BY
A year ago today, Lower Manhattan was covered with a layer of ash. Ash that filled the lungs of its residents, ash that stung the eyes and smelled of death and filth. A year ago today, Lower Manhattan and the United States awoke as places changed forever.
Yet that morning at HLS was tranquil as ever. No dust fell upon our halls. We had seen the violence and fire of the day before only on television. We had faced few hard choices — we did not have to ask ourselves whether or not to leap, whether or not to flee, whether or not to call our spouse or significant other or our parents first. We at HLS are connected to America’s greatest city, where we send a majority of our class each year, by family, by friends and often by birth. On September 11, our task was easy. Few, if any, of us were physically touched. We were asked only to grieve.
For most Americans of our generation, last year’s tragedy was probably the singular national event of our lives. Here it is no different. And like us, most Americans were asked only to grieve, to give to charity, to care, to be better people.
Unlike many Americans, our lives were safe on September 11 in an academic enclave far removed from the workaday world. We are fortunate daily for this shelter, but it also presents a challenge.
We are privileged by virtue of being here. But that privilege comes with a cost: We must strive not only to be better people, but to be the best kind of people. The name of this place can make us powerful, but will also magnify our failures. We cannot let this place shield us from our faults or let us shirk the onus of responsibility. We must choose to be leaders rather than followers, champions of justice rather than prophets of empty rhetoric.
We should look through the pain of last year for transformation, for new ideas and new reasons for our shared existence. Yet so far, we have not. We who would be leaders still speak far too often in the churlish manner of sheltered academics. Instead of new ideas, our debates have often clung selfishly to old ones.
HLS is a place of law and of learning, where possibilities are articulated and dreams are realized. Yet still we hide, avoiding the chance to do justice, to advance reason over mysticism and chaos, and to foster lives of decency, dignity and respect for intellectual debate.
Instead of seeking transformation in tragedy we have too often clung to partisanship and dimestore pedagogy. People on this campus still spend too much time talking past each other and not enough time listening. The motto of this great University is “truth,” yet we too easily accept its ideological substitutes. All too often, in the opinion pages of this newspaper, in campus protests and classroom discussions, we see examples of people not trying hard enough to connect.

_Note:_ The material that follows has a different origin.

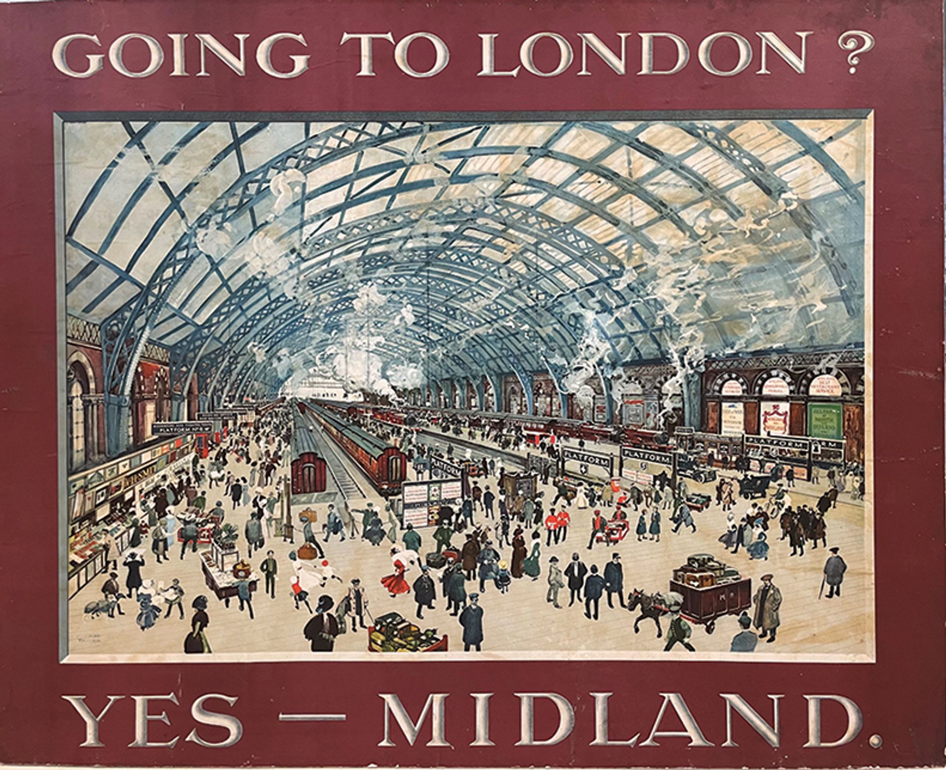 “Obviously the massive, seven-tonne Rolls-Royce Trent jet engine is the legendary object in the museum’s Civic Hall but I also like this poster of the Midland Railway up in the Railways Revealed gallery depicting St Pancras station in around 1910 (inset, below). In the artwork, there’s the canopy of St Pancras, which was made in Derby. The iron roof frame was done by Andrew Handyside’s foundry in the city, most of the locomotives and rolling stock would have been made in the Midland Railway Locomotive Works in Derby and many of the people would have probably been [travelling] from Derby as well. So the picture is of a landmark station in London, but everything was made in Derby.”
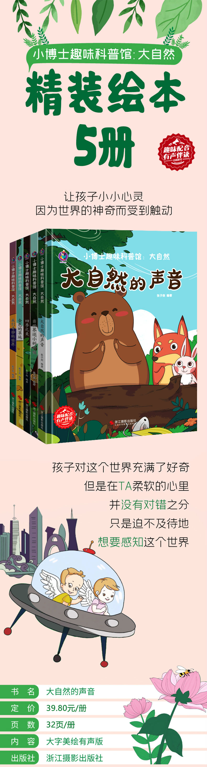 商品名称:小博士趣味科普馆全套5册/大自然的声音 /当世界还小的时候 /金色的草地 /四季之美/ 我们奇妙的世界 /浙江摄影出版社/大自然里的故事秘密启蒙绘本 3-6岁宝宝早教图画故事书 亲子共读睡前故事书

In last year’s terrible collapse, in that onrush of dirt and blood and ash, one truth should have seized us all: We cannot be agnostic about the future. We cannot believe that our choices do not matter. And we cannot make a better future, first and foremost, without listening.
As President Summers said, some truths are unassailable. But many assumed truths — and worn ideologies — need reexamination. We cannot be leaders or ideologues unless we are willing to defend our ideas, not by shouting others down, but by critically rethinking our perspectives. We cannot be teachers unless we are still willing to be taught.
One year later, the opportunity to transform, to listen, still stands. There is still a chance to seize this privilege by the reins, to use our time here to force ourselves to rethink.
We should be sorrowful on this somber day, but we should also use this moment, once again, to search for inspiration.